Balancing performance and scalability vs. fast iteration and cost efficiency can be a significant challenge for startups. The good news is that achieving this balance is not impossible.
Here are a few tips to help you build a scalable startup.
1. Scalable startups start with the right foundation:
A scalable foundation means that as you experience growth, you can throw hardware at the problem in a cost-efficient way giving you the most bang for your buck. Scaling up can become very expensive very quickly.
2. Scalable startups choose the right language and platform:
Choosing the right development language is critical to building a scalable startup. If you choose a platform that gets the product out the door quickly but is inherently un-scalable, you have made the wrong bet.

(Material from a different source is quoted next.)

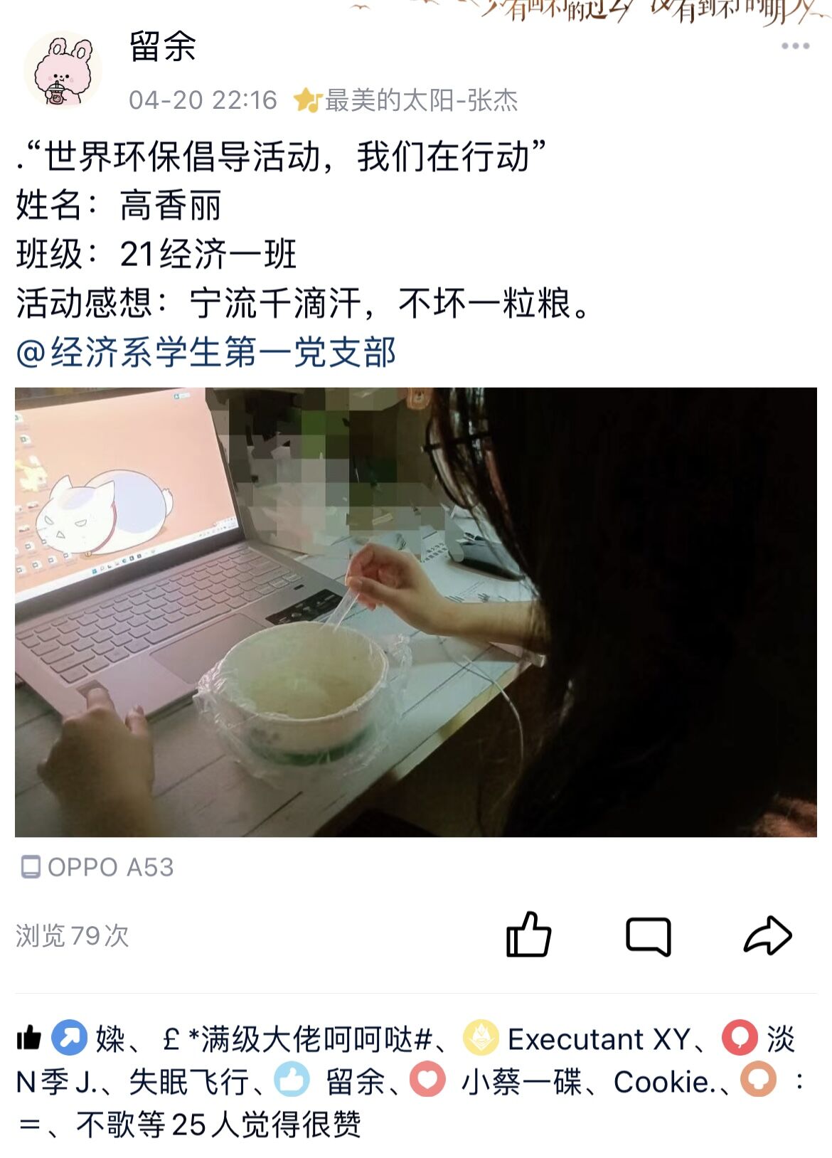 图1 支部成员参加光盘打卡活动 此次活动,党支部共组织开展四个系列活动。在活动期间,同学们通过线上拍照打卡的形式参与到本次活动中。其中,活动一以“资源回收”为载体,组织同学们收集生活中一些可利用的废物,充分发挥想象力和创造力,将废旧物品转化为有创意的小工艺品;活动二组织同学们制作以“保护环境,党员(积极分子)应该怎么做”为主题的画作、手抄报或海报;活动三提倡食物光盘行动,营造人人节约、事事节约的良好氛围,引导同学们树立节约环保、绿色低碳的生活理念;活动四以打扫身边卫生的形式,将环保意识真正落实进教室、进宿舍,让同学们懂得环保与自己息息相关,引导同学们身体力行,以主人公的责任感投入到环保活动中去。

3. Scalable startups invest in the right talent:
Also important is being able to secure the right talent. This goes hand in hand with choosing the right language. Choosing a bleeding edge platform that’s more developer friendly than product friendly can create difficulties down the road when you need to find talent to help scale it.
Hiring or seeking advice from an architect in the early days can help save significantly down the road.
4. Scalable startups worry about the right things:
When building your startup, you should worry more about the foundation than sweating over performance increases.
5. Scalable startups stay away from building synchronous coupling:
The main problem with synchronous coupling is that it makes users wait and ties up system resources that would have otherwise been released. In addition, synchronous operations require infrastructure to be scaled for peak load.
6. Scalable startups worry more about constant response time than latency:
Low latency is important but constant response time is even more important. The latter can be achieved by building a foundation that allows for horizontal growth and distribution of load.
7. Scalable startups measure utilization first and then performance
Measuring utilization of resources is crucial as it can indicate stress on a system and to what extent resources are being utilized. Measuring performance only helps in being able to speed up response time and is not a qualified measure of ability to handle additional growth.
8. Scalable startups go stateless
Maintaining state is expensive. While it is possible to build an infrastructure that can maintain state using a shared system, it is best for scalable startups to build stateless applications.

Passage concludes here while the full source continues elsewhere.